Data provided Start Marker
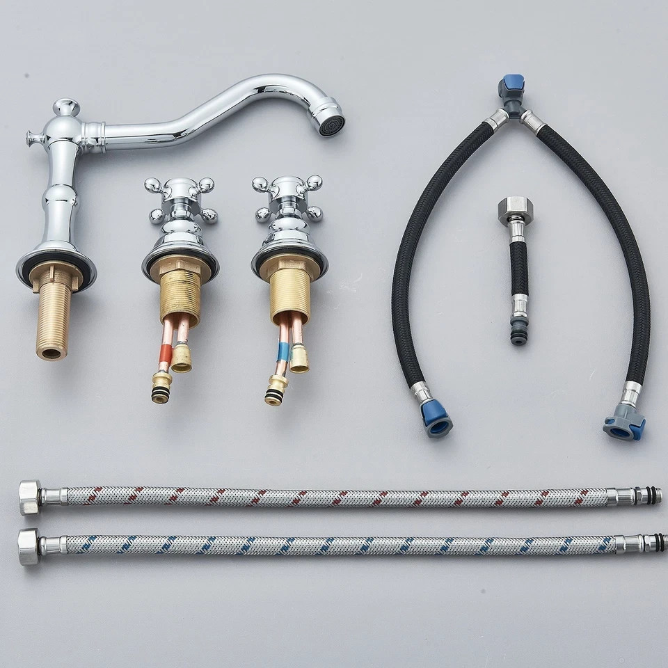 Bathroom Sink Faucet Polished Chrome 2 Handles 3 Holes Vanity Mixer Tap W/ Drain
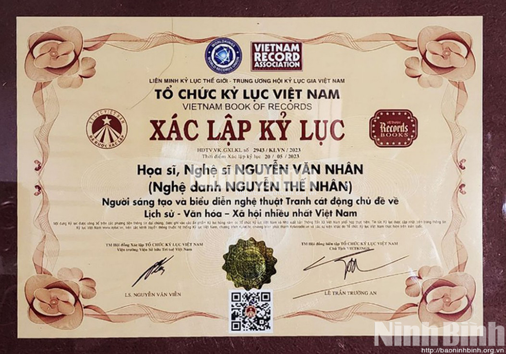 Họa sĩ Nguyễn Thế Nhân được Viện Kỷ lục Việt Nam xác lập Kỷ lục "Người sáng tạo và biểu diễn nghệ thuật Tranh cát động về chủ đề lịch sử - văn hóa - xã hội nhiều nhất Việt Nam".
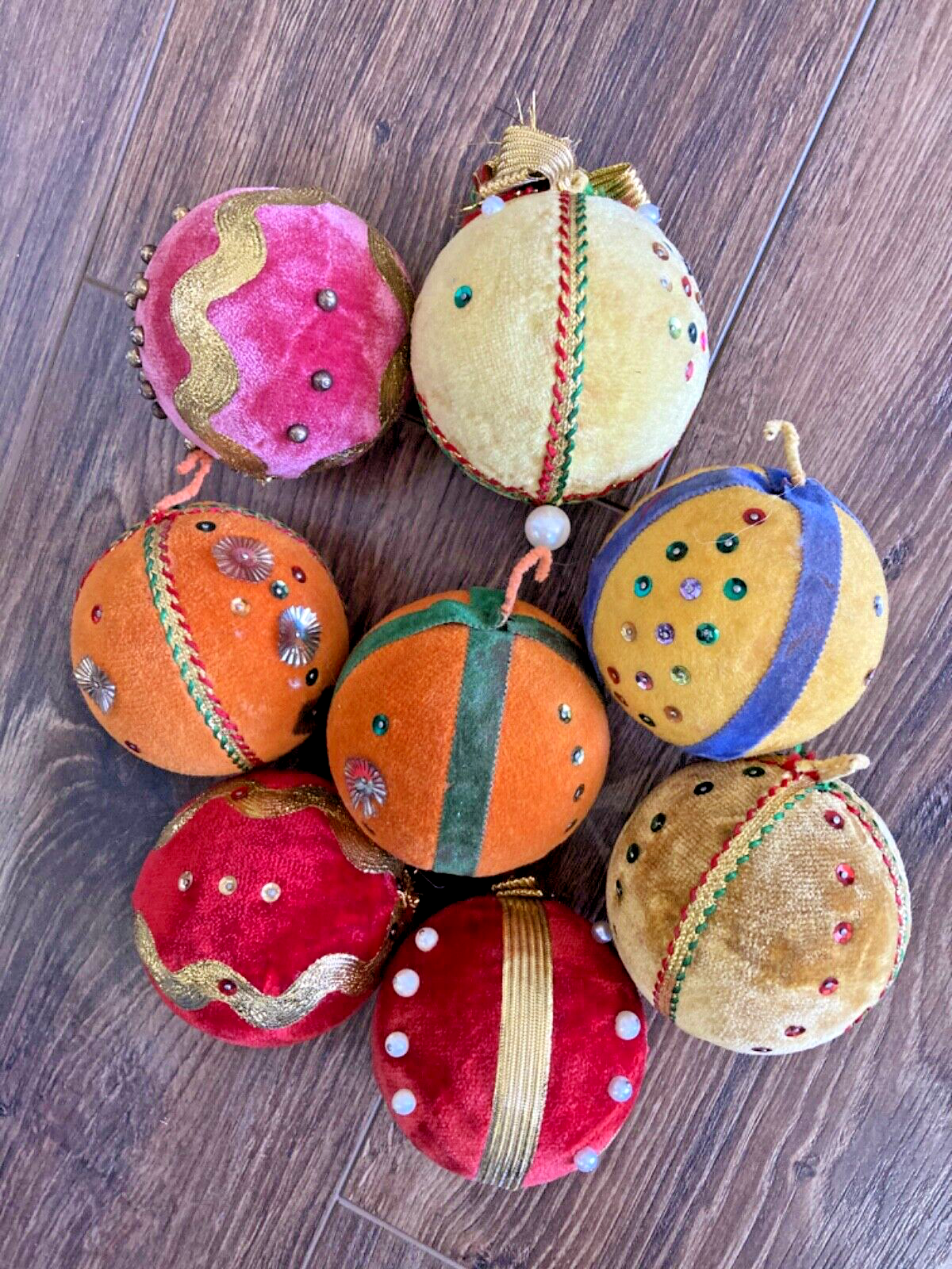 HOOKED-ON-VINTAGE IS SO PLEASED TO OFFER THESE REAL VINTAGE MCM MID-CENTURY MODERN CHRISTMAS ORNAMENTS BALLS. BOTH ARE VERY COLLECTIBLE. VTG LOT 8 CHRISTMAS TREE ORNAMENT BEADED PUSH PIN SEQUIN VELVET 2-7/8” DIAM MERRY CHRISTMAS Y’ALL! SUPER FUN LOT OF VINTAGE CHRISTMAS ORNAMENTS. We have many, many of his Christmas ornaments to list, so please check back with us. Thank you so much for stopping by Hooked-On-Vintage. We appreciate it!
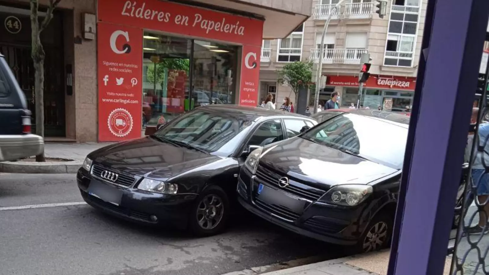 Dos coches quedaron dañados tras chocar lateralmente cuando circulaban por la calle Ervedelo de la ciudad. El incidente tuvo lugar este lunes por la mañana y según testigos presenciales, uno de los coches quiso esquivar un vehículo que estaba en doble fila y acabó golpeando al que venía por el carril contrario.
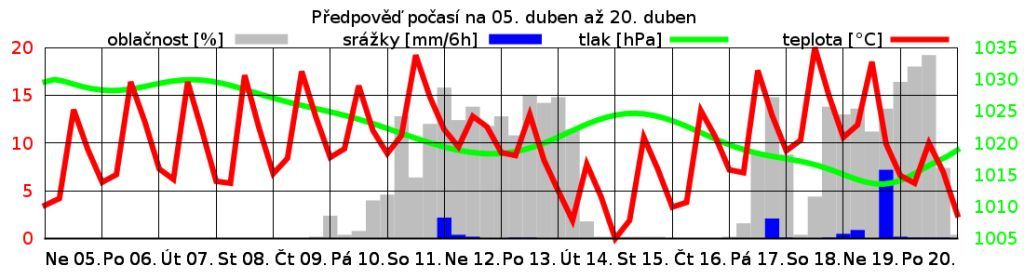 Noční teploty budou klesat na 6 až 2 °C, místy se ale mohou objevit přízemní mrazíky.
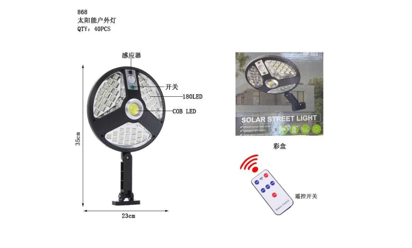 Υλικό: Polycrystalline Silico+ABSΗλιακό πάνελ: 3.7V, 3WΜπαταρία: Built-in 2 x 3.7V 1500mAh 18650 Lithium BatteryΕύρος εντοπισμού αισθητήρα: έως 5mΓωνία φωτισμού: 120°Lumen: 300-400 LumensWaterproof Grade: IPX65Διαστάσεις: 30 * 21 * 4.5cmΒάρος: 353g
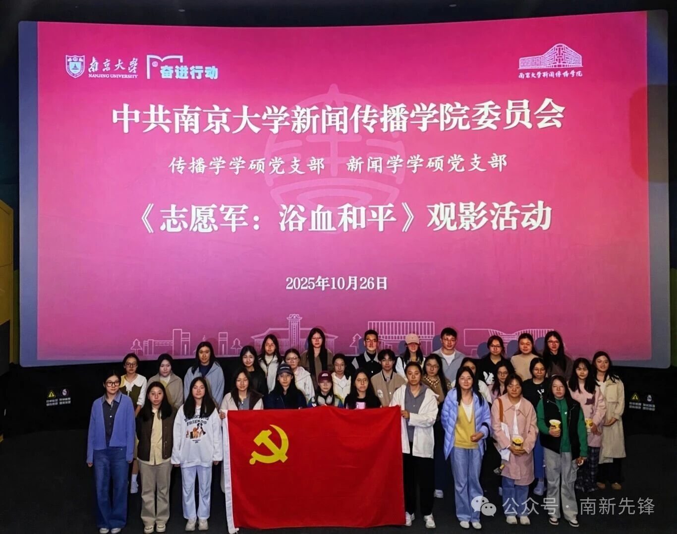 传播学学硕党支部和新闻学学硕党支部组织全体党员观看电影《志愿军:浴血和平》。时值中国人民志愿军抗美援朝出国作战75周年,本次活动以影像为媒介,带领党员重温抗美援朝战争的烽火岁月,深切缅怀志愿军先烈的丰功伟绩,从历史中汲取奋进力量。同时,借此契机勉励新传学子担当起新时代叙事者和守望者的责任,为传承和传播中华民族的历史记忆贡献青春力量。
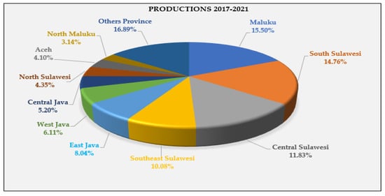 Indonesian clove production centers in 2017–2021 (10 highest provinces).
Data provided End Marker
The records above are to be restated word for word, with every picture left out.

#### Output of the exercise
 Bathroom Sink Faucet Polished Chrome 2 Handles 3 Holes Vanity Mixer Tap W/ Drain
 Họa sĩ Nguyễn Thế Nhân được Viện Kỷ lục Việt Nam xác lập Kỷ lục "Người sáng tạo và biểu diễn nghệ thuật Tranh cát động về chủ đề lịch sử - văn hóa - xã hội nhiều nhất Việt Nam".
 HOOKED-ON-VINTAGE IS SO PLEASED TO OFFER THESE REAL VINTAGE MCM MID-CENTURY MODERN CHRISTMAS ORNAMENTS BALLS. BOTH ARE VERY COLLECTIBLE. VTG LOT 8 CHRISTMAS TREE ORNAMENT BEADED PUSH PIN SEQUIN VELVET 2-7/8” DIAM MERRY CHRISTMAS Y’ALL! SUPER FUN LOT OF VINTAGE CHRISTMAS ORNAMENTS. We have many, many of his Christmas ornaments to list, so please check back with us. Thank you so much for stopping by Hooked-On-Vintage. We appreciate it!
 Dos coches quedaron dañados tras chocar lateralmente cuando circulaban por la calle Ervedelo de la ciudad. El incidente tuvo lugar este lunes por la mañana y según testigos presenciales, uno de los coches quiso esquivar un vehículo que estaba en doble fila y acabó golpeando al que venía por el carril contrario.
 Noční teploty budou klesat na 6 až 2 °C, místy se ale mohou objevit přízemní mrazíky.
 Υλικό: Polycrystalline Silico+ABSΗλιακό πάνελ: 3.7V, 3WΜπαταρία: Built-in 2 x 3.7V 1500mAh 18650 Lithium BatteryΕύρος εντοπισμού αισθητήρα: έως 5mΓωνία φωτισμού: 120°Lumen: 300-400 LumensWaterproof Grade: IPX65Διαστάσεις: 30 * 21 * 4.5cmΒάρος: 353g
 传播学学硕党支部和新闻学学硕党支部组织全体党员观看电影《志愿军:浴血和平》。时值中国人民志愿军抗美援朝出国作战75周年,本次活动以影像为媒介,带领党员重温抗美援朝战争的烽火岁月,深切缅怀志愿军先烈的丰功伟绩,从历史中汲取奋进力量。同时,借此契机勉励新传学子担当起新时代叙事者和守望者的责任,为传承和传播中华民族的历史记忆贡献青春力量。
 Indonesian clove production centers in 2017–2021 (10 highest provinces).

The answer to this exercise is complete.